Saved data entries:
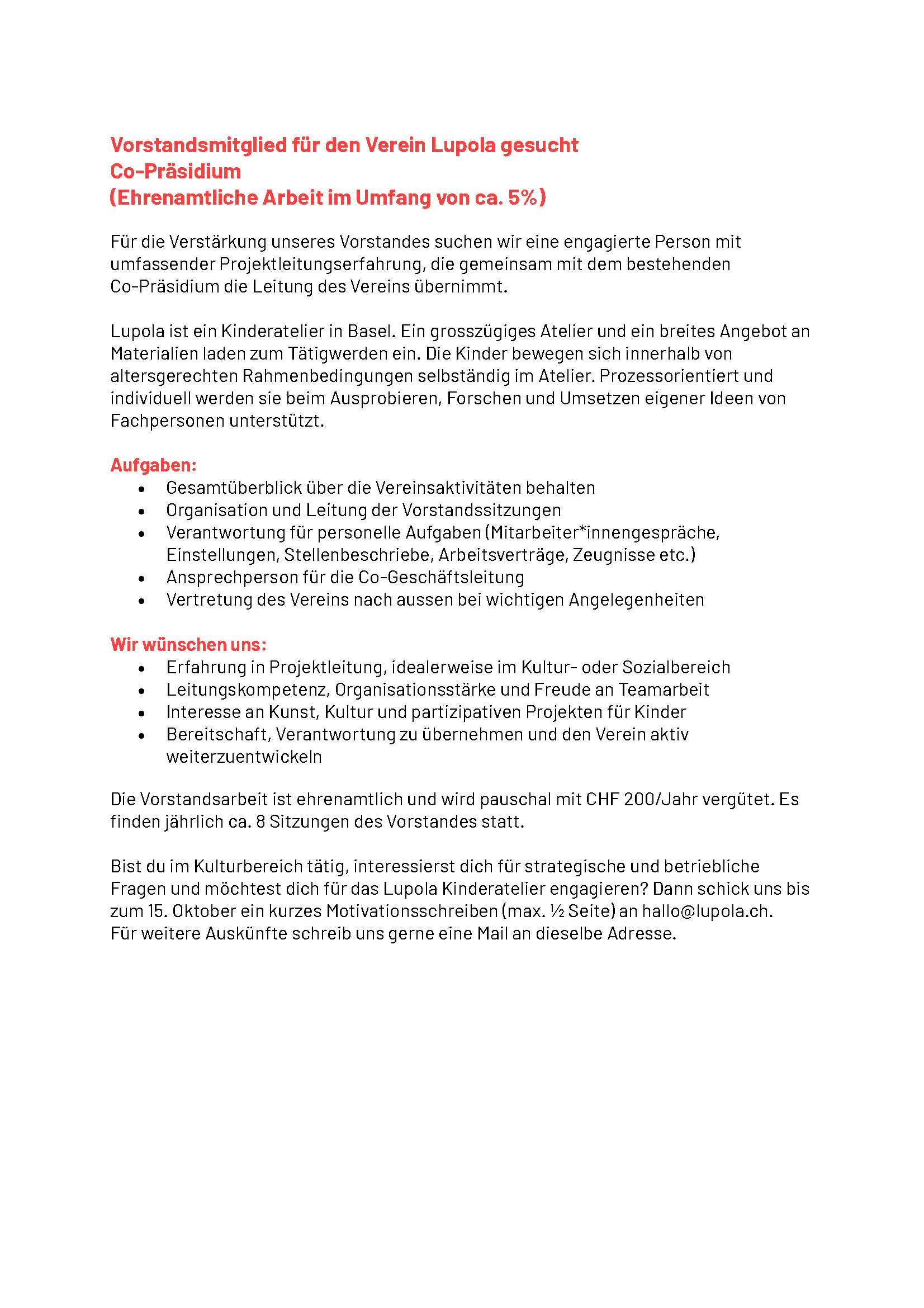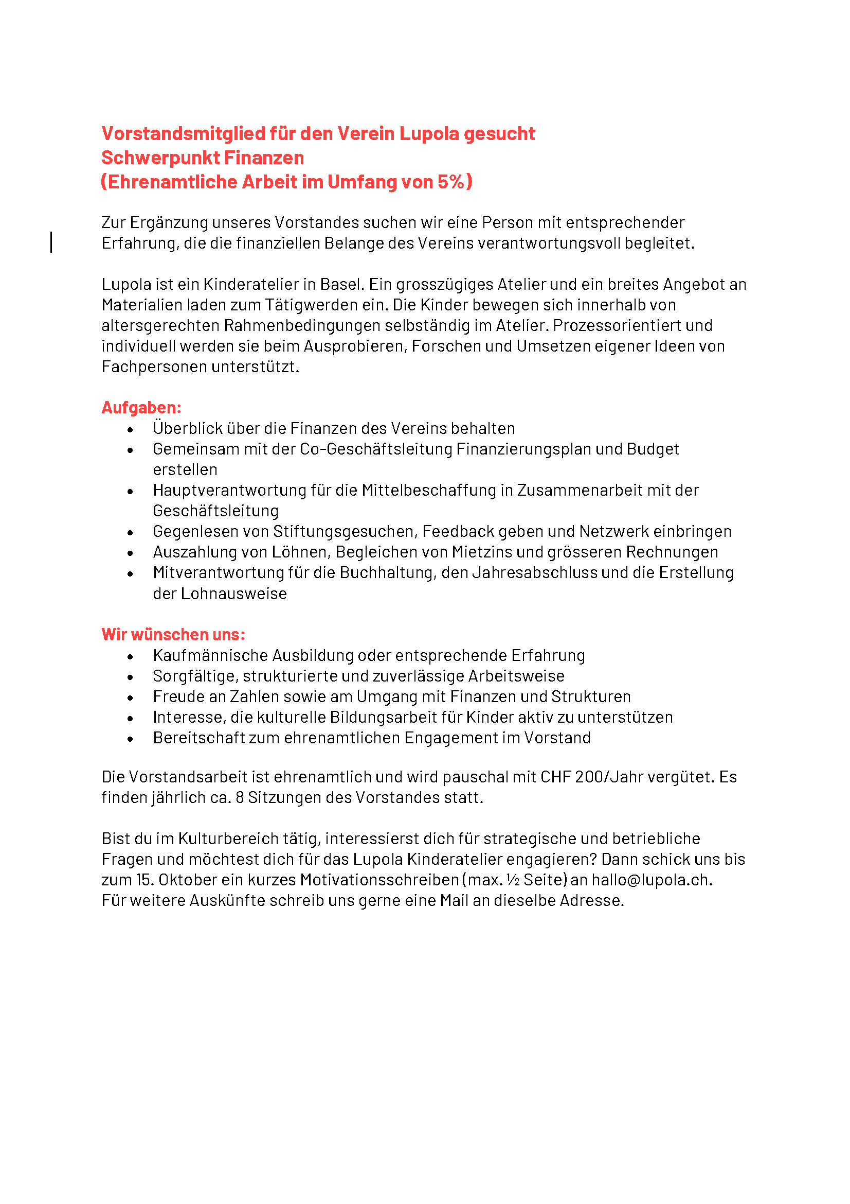 Momentan sind wir auf der Suche nach Personen, die uns im Präsidium und im Bereich Finanzen unterstützt.
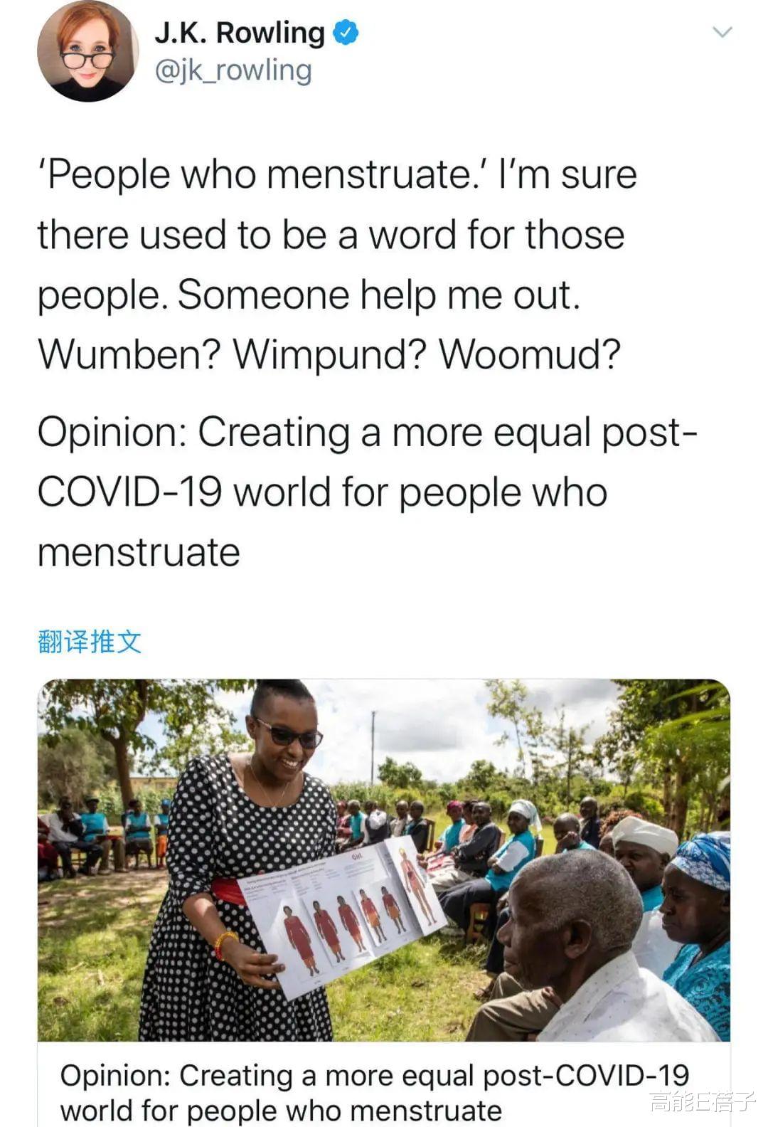 但这也没有阻挡JK罗琳继续发声,2020年6月她转发了一条题为“为来月经的人创造一个更平等的后疫情世界”的推特,并评论到“‘来月经的人’,我肯定过去有一个词是形容这样的人的,有人能帮我说出来吗,是女楞?女能?还是鲁能?”
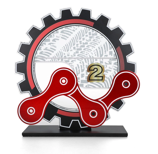 - Statuetka wykonana z drewna i metalu o wysokości 25cm oraz szerokości 25cm. Przeznaczona do nagród związanych z kolarstwem. Do wyboru miejsca 1-3.
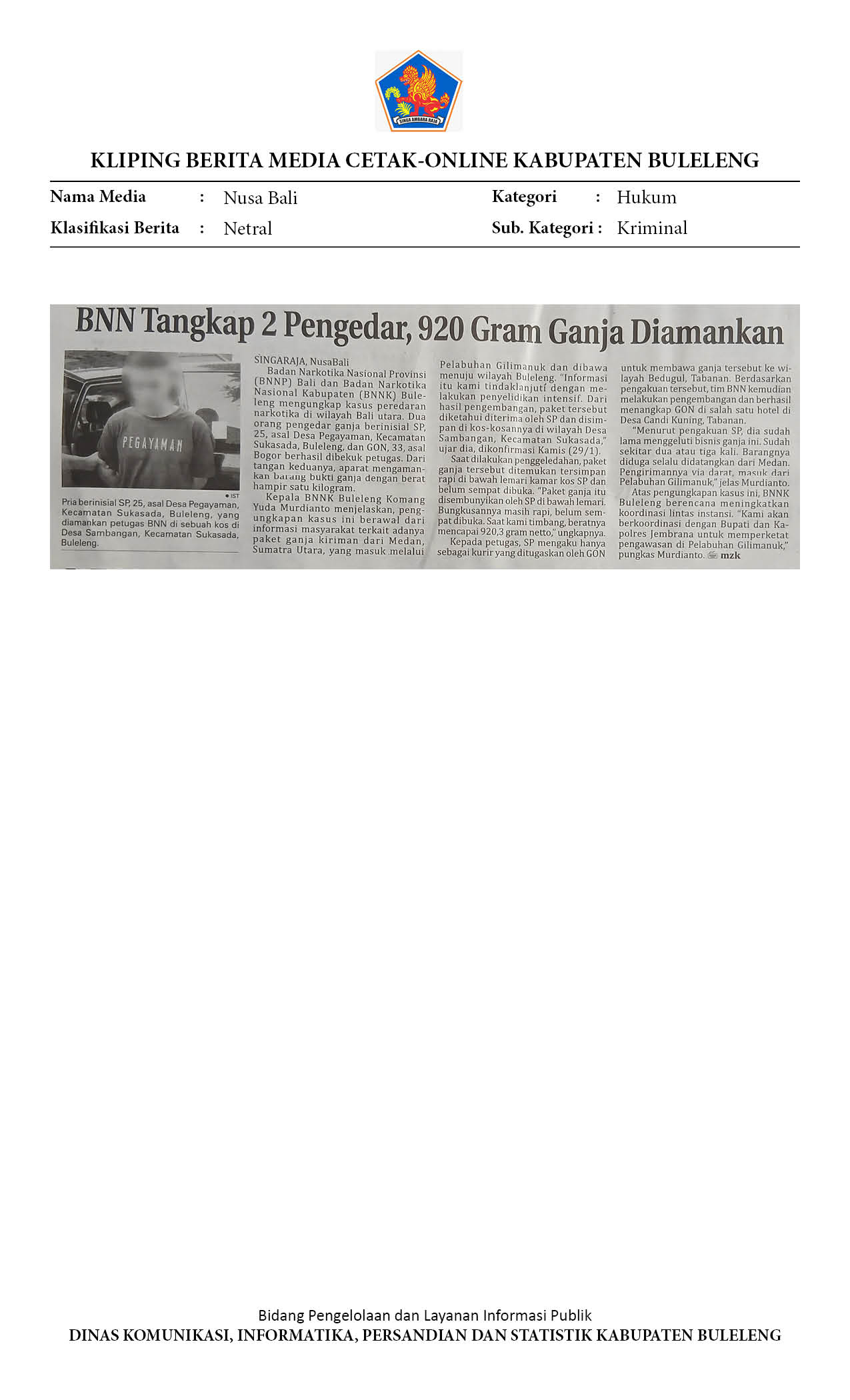 BNN TANGKAP 2 PENGEDAR, 920 GRAM GANJA DIAMANKAN
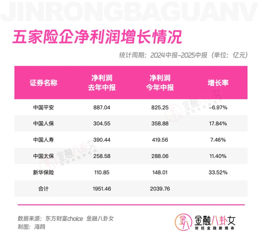 2023年、2024年、2025年的中报中,五家险企的净利润合计分别为1735亿、1951亿、2040亿,也保持着稳健的增速。
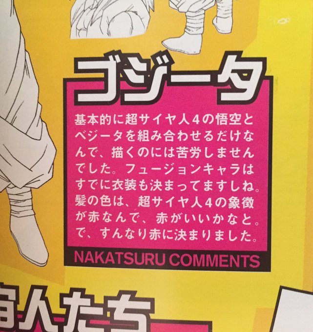 ゴジータ4の髪型は…あのゆるいMハゲと垂らした一房の前髪をそのままに、それが超4になって後ろ髪を伸ばしたようなやつがよかったな。なんならベジータ4の生え際を少し下げて前髪足すだけでもよかったよ。
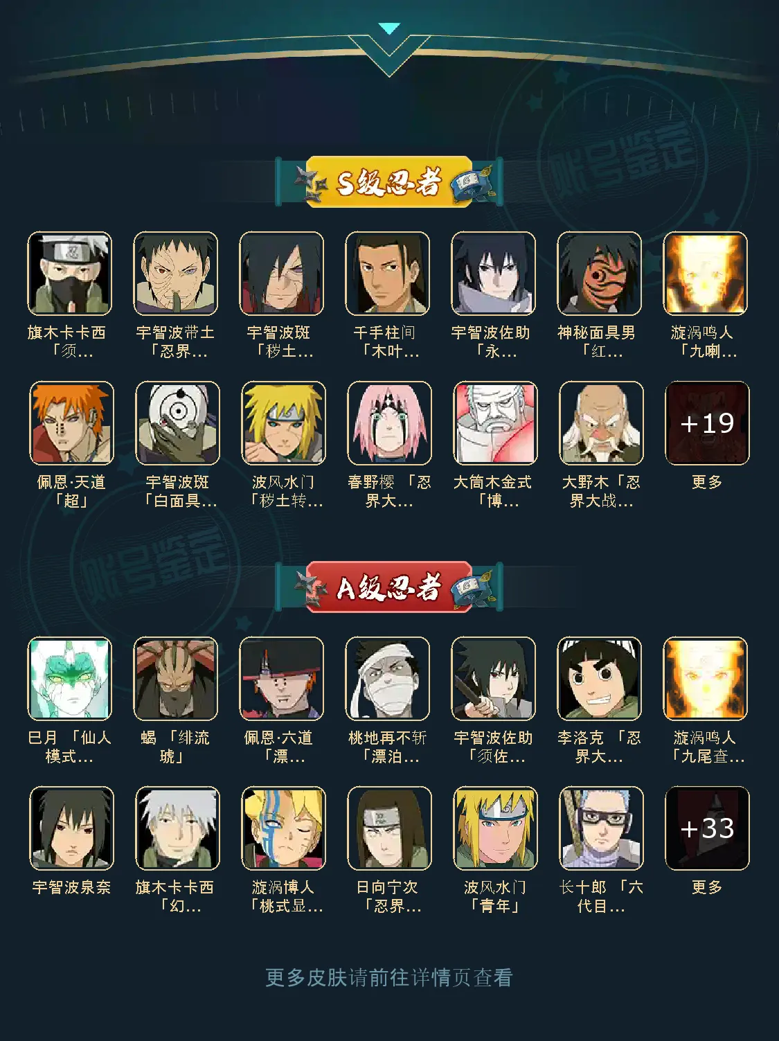 战力:1097W+;VIP11级S忍28个A忍38个木叶创立柱间忍战樱永恒万花筒佐助白面具仙人兜秽土扉间秽土斑秽土水门豪杰自来也秽土鼬天道超宇智波斑秽土解斑波风水门普通纲手普通自来也大蛇丸猿飞日斩罗砂秽土柱间三代艾忍战带土木叶创立斑死门凯忍
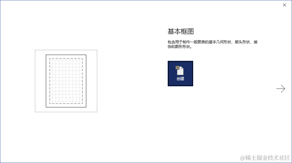 1.新建一个visio文件,选择“基本框图”。点击创建。
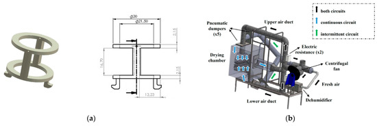 Boy et al. [23] and Boy et al. [24] previously described the air impingement dryer equipment. The dryer mostly consists of a dehumidifier and a centrifugal fan to supply the air in two separate cylindrical ducts (0.25 m diameter), each with an electrical heater and joined to each other in the drying chamber. At the exit of the drying chamber, the air circulates back to the fan with a degree of recirculation of 100% (Figure 1b). Inside the drying chamber, the air temperature was controlled. Both the hot air heating and the airflow were in continuous operation, meaning that the airflow continuously circulated in a closed circuit surrounding the samples.
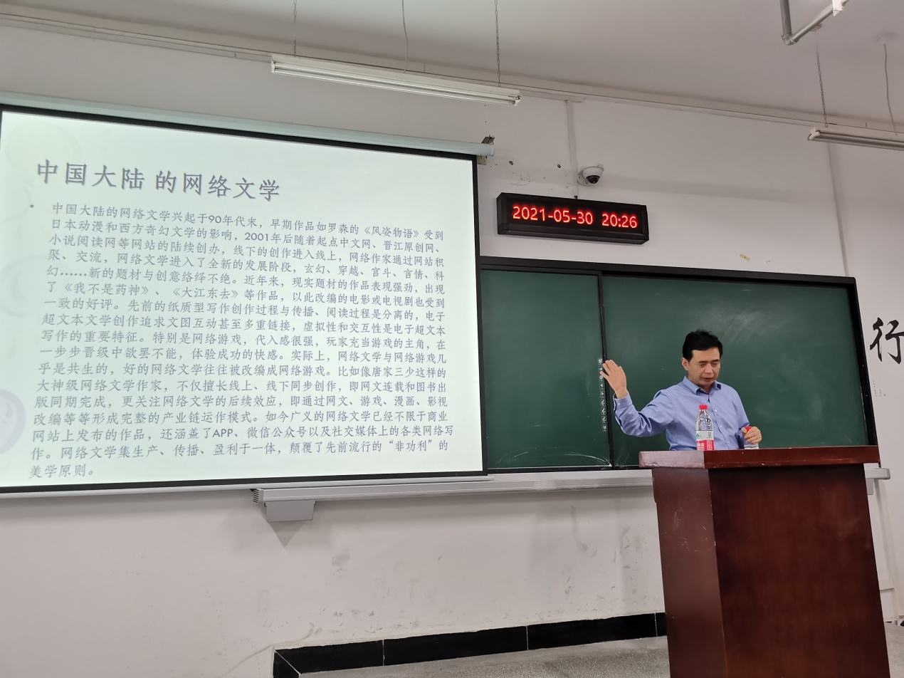 针对中国大陆网络文学现状,汪正龙老师讲到了玄幻、言情、盗墓、穿越等类型,还提及了段子与短信文学、“同人”写作、“甄嬛体”写作、MTV 图文等等一些有趣的网文现象。并指出网络文学与网络游戏是共存的。把网络文学改编为网络游戏,更具有体验性、可塑性、互动性的效果,侧重于角色扮演,体现为一种沉浸式的阅读感知。而且网络文学改编成影视的比例也越来越大。
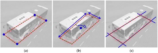Vehicle detection methods can be categorized into four approaches according to the complexity of expressing the vehicle: bounding box-based [42], bottom face quadrilateral (BFQ)-based [5], 3D bounding box-based [33], and wire frame-based [43]. Since this paper deals with the BFQ-based approach that provides the vehicle’s position, size, and direction while requiring less computation, the detailed related literature has been reviewed only for this approach. The methods in the BFQ-based approaches can be classified into three methods: corner-based, position/size/angle (PSA)-based, and line-based. Figure 3 shows brief descriptions of these three approaches. The BFQ, which is the detection target, is shown in red. The blue features represent what each approach finds to detect the BFQ. All three approaches detect the BFQ by finding the four corners, the position/size/angle, and the four lines of the BFQ, respectively.

• _REQUIREMENT_: Print out the entries above word for word from the first line to the line containing "ゴジータ4の髪型は…あのゆる", both included, omitting the pictures.

• _RESULT_:
 Momentan sind wir auf der Suche nach Personen, die uns im Präsidium und im Bereich Finanzen unterstützt.
 但这也没有阻挡JK罗琳继续发声,2020年6月她转发了一条题为“为来月经的人创造一个更平等的后疫情世界”的推特,并评论到“‘来月经的人’,我肯定过去有一个词是形容这样的人的,有人能帮我说出来吗,是女楞?女能?还是鲁能?”
 - Statuetka wykonana z drewna i metalu o wysokości 25cm oraz szerokości 25cm. Przeznaczona do nagród związanych z kolarstwem. Do wyboru miejsca 1-3.
 BNN TANGKAP 2 PENGEDAR, 920 GRAM GANJA DIAMANKAN
 2023年、2024年、2025年的中报中,五家险企的净利润合计分别为1735亿、1951亿、2040亿,也保持着稳健的增速。
 ゴジータ4の髪型は…あのゆるいMハゲと垂らした一房の前髪をそのままに、それが超4になって後ろ髪を伸ばしたようなやつがよかったな。なんならベジータ4の生え際を少し下げて前髪足すだけでもよかったよ。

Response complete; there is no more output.